Review- Morbius: The Living Vampire Nos. 9-15 and Nightstalkers No. 9


Morbius: The Living Vampire Nos. 9-15 and Nightstalkers No. 9 (Marvel, cover dates May- November, 1993)

Writer: Gregory Wright (Morbius 9-15)

Artists: Ron Wagner (Penciler- Morbius Nos. 9-14), Mike Witherby (Inker- Morbius Nos. 9-12), Don Heck (Inker- Nightstalkers No. 9), Andrew Pepoy (Inker- Morbius Nos. 13-15), and others

My God the '90s sucked for comic books. Issue 9 was part two of a three part crossover with Dr. Strange Nos. 52 and 53. Issue 10 is Part one of a four part crossover with Nightstalkers, which continues in Nightstalkers No. 8 (which I also don't have), but at least I have Issue 11 as well as Nightstalkers No. 9. Issue 12 was part four of the Midnight Massacre crossover event. Collecting this series via back issues is frustrating and aggravating, as you often don't know which issue continues into which one until you are reading it. You would literally have to sit there on the Internet and map out a reading/buying order. I know that I wish that I would have.


Len Kaminski left the title, and the writing quickly goes south. I can forgive the dated nature of older comic books, even crappy dated stuff that the '90s brought us, but crappy writing is always crappy writing, regardless of when it was written. The artwork also begins to suffer, as co-pencilers and co-inkers are brought in, and after issue 12 the original art team of Ron Wagner and Mike Witherby is done. Witherby's replacements are all substandard, the result of the deluge of titles being offered from all publishers at this time stretching good creators too far. Many of the pros who worked on comics in this time frame couldn't get hired today because the industry has contracted so much. 


Morbius becomes closer to an undead vampire in these issues. The further he descends, the cheesier it gets. I cringe in fear of what the next 17 issues will bring. Like I stated in my review of the first eight issues, at least these were all dirt cheap as back issues. The sad thing is that I would happily snap up this dreck in a trade paperback or, better yet, an Omnibus hardcover. 

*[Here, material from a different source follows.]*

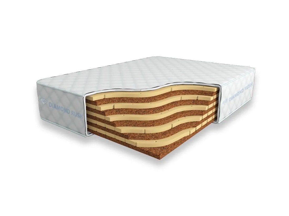 Матрас Diamond Rush SuperMix Cocos Contrast 30 DR является беспружинным, т.е. не имеет в своей основе пружинного блока. В его состав входит чередование слоев латексированной кокосовой койры и натурального латекса с перфорацией. Все слои по 3 см. Эта модель имеет разные по жесткости стороны.

My love for Morbius goes all the way back to my early years, beginning with Peter Parker, The Spectacular Spider-Man No. 38, which my Mom bought for me at Farmer Jack back in the Fall of 1979. I was 6 years old, and I still own that issue. When I campaign for Morbius collections, I am normally thinking about the '70s Adventures Into Fear run and Vampire Tales (which we thankfully have in those weird sized “graphic novel” trade paperbacks). It has also been nice to see Morbius appear in The Amazing Spider-Man and Marvel Team-Up Marvel Masterworks hardcovers.

Sorry kids, but there is no OCD zone for single issue comic books. Oh, all right...I like the slightly thicker pulp paper used during this time. There!